С исмаилитским караваном и вышел в конце августа дервиш Блюмкин. Паломники тронулись в путь из советского кишлака Кизил-рабат, миновали узкую полоску Афганистана и через перевал Вахджир проникли в Индию. Долина реки Хунза вывела их в город Балтит. По прибытии туда, уже под вечер, когда пилигримы укладывались спать в местном караван-сарае, Блюмкин был схвачен туземной полицией. Кто его выдал, он так и не понял. Якова поместили в местной тюрьме, находившейся в подвале балтитской цитадели. Утром третьего дня заточения узнику объявили, что туземная полиция передает его в распоряжение английских властей и что они и решат его судьбу. Спустя несколько часов задержанный был отправлен в Читрал с британским конвоем, сопровождавшим почту для подполковника Стюарта. Там Блюмкина ожидал допрос и, по всей вероятности, расстрел. Однако на первом же привале, воспользовавшись халатностью охраны, Яков бежал, прихватив с собой адресованные Стюарту сообщения и документы английского агента в Балтите. Блюмкина преследовали до вечера, но безрезультатно. А в сумерках это уже стало и бесполезно.
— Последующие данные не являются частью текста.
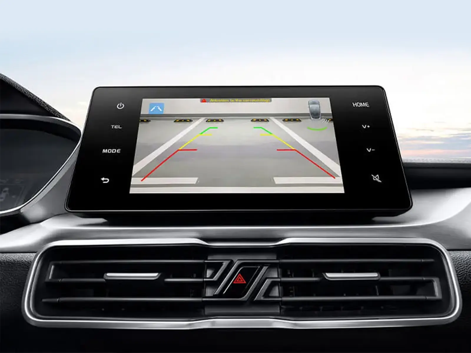 Cámara de reversa que facilita el estacionamiento y mejora la seguridad.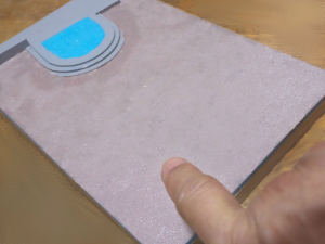 階段を中心にして、全体がなだらかなスロープになっているので、これを粘土で表現します。但し粘土はそのままではスチレンペーパーに馴染まないので、粘土を盛る場所には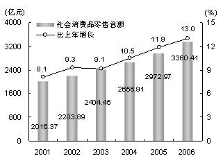 商業(yè)布局與結(jié)構(gòu)調(diào)整步伐加快,市場流通規(guī)模繼續(xù)擴(kuò)大。全年批發(fā)和零售業(yè)實(shí)現(xiàn)增加值919.43億元,比上年增長9.1%。 消費(fèi)品市場銷售活躍。全年實(shí)現(xiàn)社會消費(fèi)品零售總額3360.41億元,比上年增長13%,增幅創(chuàng)1998年以來最高(見圖5)。其中,吃的商品零售額1328.3億元,增長13.3%;穿的商品零售額425.7億元,增長11.6%;用的商品零售額1566.55億元,增長12.8%。餐飲業(yè)、家居和通訊類商品全面增長。全年餐飲業(yè)實(shí)現(xiàn)零售額452.16億元,比上年增長29%;家居類商品實(shí)現(xiàn)零售額393.2億元,增長15.3%;通訊類商品實(shí)現(xiàn)零售額92億元,增長17.9%。主要耐用消費(fèi)品銷售穩(wěn)步增長。全年汽車零售量9.6萬輛,比上年增長5.3%,其中轎車8.8萬輛,增長5.7%;移動電話230.29萬部,增長23.5%;攝像機(jī)6.55萬臺,增長9.4%;脫排油煙機(jī)39.18萬臺,增長12.5%。

17 сентября, под видом монгольского ламы, он прибыл в Лех, столицу княжества Ладакх, расположенную на территории Британской Индии, и присоединился к экспедиции Рериха. Вот как художник описывает эту встречу в своей книге «Алтай-Гималаи»: "Приходит монгольский лама и с ним новая волна вестей. В Лхассе ждут наш приезд. В монастырях толкуют о пророчествах. Отличный лама, уже побывал от Урги до Цейлона.
Как глубоко проникающа эта организация лам! Толкуем с ламой про бывший с нами случай около Дарджилинга". Рерих восхищался спутником: «Нет в ламе ни чуточки ханжества, и для защиты основ он готов и оружие взять. Шепнет: „Не говорите этому человеку — все разболтает“ или: „А теперь я лучше уйду“. И ничего лишнего не чувствуется за его побуждениями. И как легок он на передвижение!»
На рассвете 19 сентября караван вышел из Леха. Впрочем, «лама» покинул караван еще ночью. О своем уходе Блюмкин предупредил лишь отца и сына Рерихов, сообщив, что вновь соединится с караваном через три дня и будет ждать путников в приграничном монастыре Сандолинг (на конспиративной явке). «Лама» отправлялся на изучение района.
Спустя трое суток путники вышли к монастырю Сандолинг, расположенному чуть в стороне от главной трассы. Николай Константинович и Юрий вошли под своды буддийской кумирни. Здесь находился большой алтарь Майтрейи. Юрий спросил у первого встреченного ленивого монаха о «ламе». Тот ответил: «Был и ушел еще рано утром по дороге к границе».
22 сентября экспедиция заночевала в селении Панамик, находившемся на берегу реки Нурба. Для многих караванов это был последний населенный пункт Британской Индии перед китайской границей. Утром, как только экспедиция вышла в путь, Рерих заметил местных жителей, ремонтировавших мост под наблюдением колониального британского чиновника и солдат. Представитель власти заинтересовался документами «американцев». Англичанин с явным неудовольствием просмотрел экспедиционный паспорт и спросил о здоровье ученых.